By Gemma Nicholas, Solicitor,  Ridouts Professional Services PLC

gemma@ridout-law.com

0207 317 0340

The CQC has suspended routine inspections and are no longer requiring providers to complete Provider Information Requests (PIRS). However, in order for the CQC to continue its regulatory function it has introduced the Emergency Support Framework (ESF). The framework considers a wealth of information and intelligence, including information from:

  • NHS Capacity Tracker
  • ‘Update CQC on the impact of COVID-19’ – daily online form for home care providers
  • Statutory notifications
  • Safeguarding incidents
  • Whistleblowing information
  • Give Feedback on Care – information received from people who use services
  • Healthwatch survey themes
  • Conversations with local authorities, Clinical Commissioning Groups and advocacy organisations

Providers not only report to the CQC but also to their local authority and at this time may be feeling overwhelmed with the amount of information they are being required to submit. The CQC has said that it is conscious about the duplication of conversations providers are having with stakeholders, and therefore have developed a joint statement with ADASS on how information will be treated.

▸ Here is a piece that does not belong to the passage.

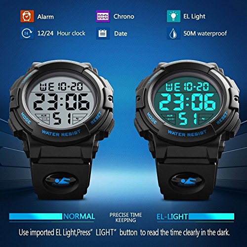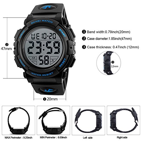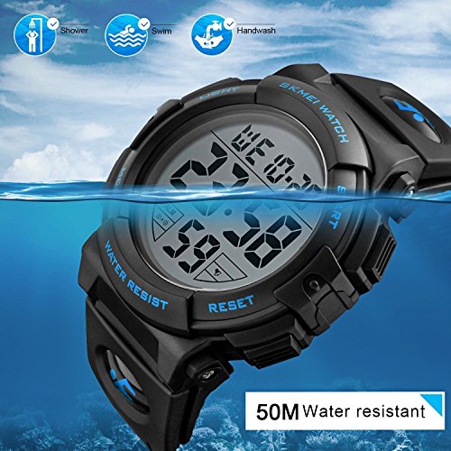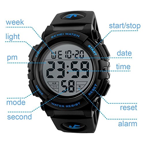 SKMEI - ساعة ديجيتال وانالوج بعقارب بحركة كوارتز ومينا مربع كبير باضاءة LED مقاومة للماء مع دعم للعديد من المناطق الزمنية وساعة ايقاف للرجال سكيمي- 1258 أسود وأزرق

The CQC and ADASS joint statement on CQC’s Emergency support framework provides the following assurances:

  • The CQC will share relevant information with the DASS or their delegate, who will do likewise.
  • If conversations with providers reveal an urgent situation there will be an immediate conversation between CQC, the DASS and the provider concerned. Regular discussions (at least weekly) will take place between the CQC representative and the DASS to take an overview of safety, safeguarding and other key issues.
  • Where concerns arise through the ESF, the CQC will feed these through to ADASS regional chairs and regional staff via Regional Incident Centres.
  • To avoid overloading providers with too many information requests over a short period, where practicable, regional CQC managers will inform local authorities of the assessments planned for their area; frequency to be agreed locally.
  • The CQC will share an overview of its findings at the local system level with local authorities. This will include best practice alongside any trends and other information at a systems level that is deemed useful to understanding the impact of the coronavirus pandemic.
  • The CQC will also use information gathered as part of its ‘independent voice’ work, such as its State of Care publication.

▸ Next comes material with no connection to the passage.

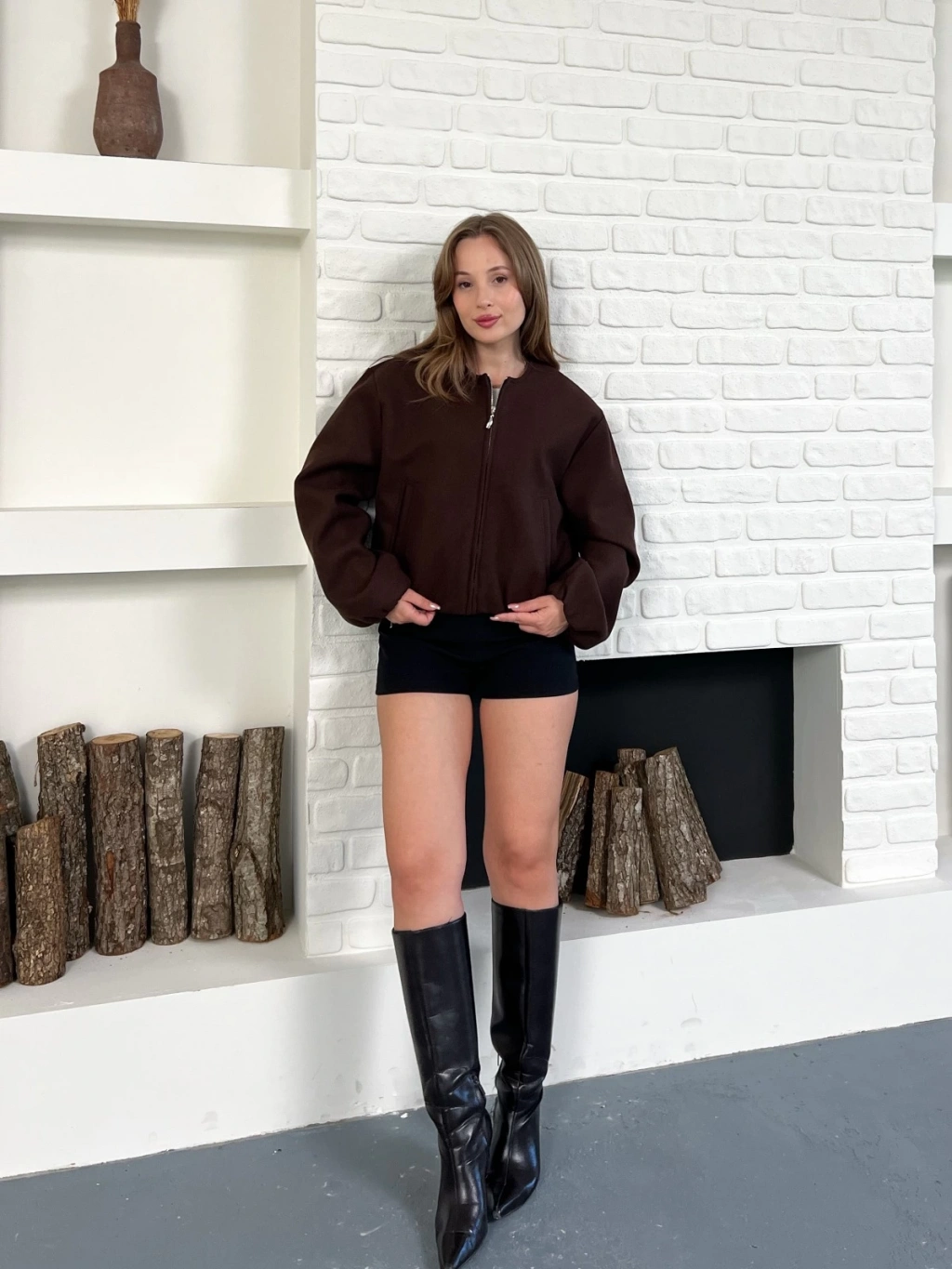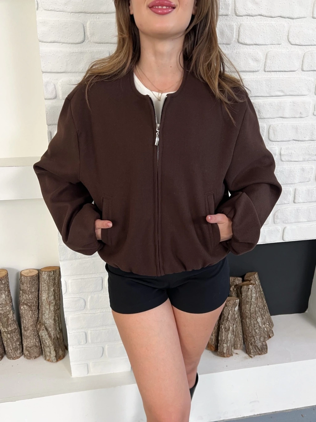 Cep Detaylı Kısa Kaşe Ceket Kahve

Providers may be aware that at the end of an ESF conversation with an inspector, the CQC will send the provider an email with a summary of that conversation. Whilst the CQC will share concerns with local authorities about specific services, trends and themes, as described above; the CQC will not be sharing the ESF summary report with local authorities or putting it on its website. Providers can share the report with the local authority if they wish to, particularly if there is overlap with information that the local authority are asking for, or if they want or need to ask for help.

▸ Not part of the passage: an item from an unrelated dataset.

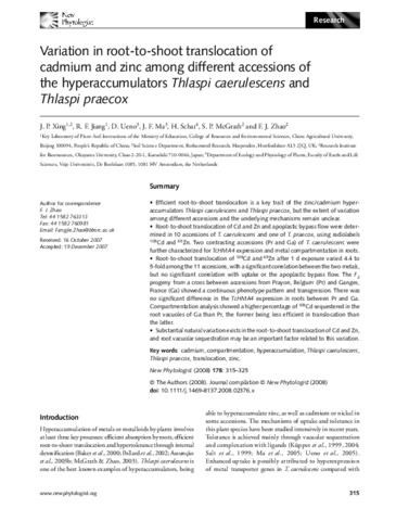 Variation in root-to-shoot translocation of cadmium and zinc among different accessions of the hyperaccumulators Thlaspi caerulescens and Thlaspi praecox

The joint statement provides some level of assurance that information will be shared between the CQC and local authorities. However, the only way to avoid duplication is for the provider to be informed when information has been shared. It appears that the onus will still be on the provider to share the information with both bodies. It most likely will be up to the provider to check that the local authority has been made aware of information gathered by the CQC and vice versa, which is work in itself. Without transparency between all players – the CQC, the local authority and the provider, duplication cannot be avoided.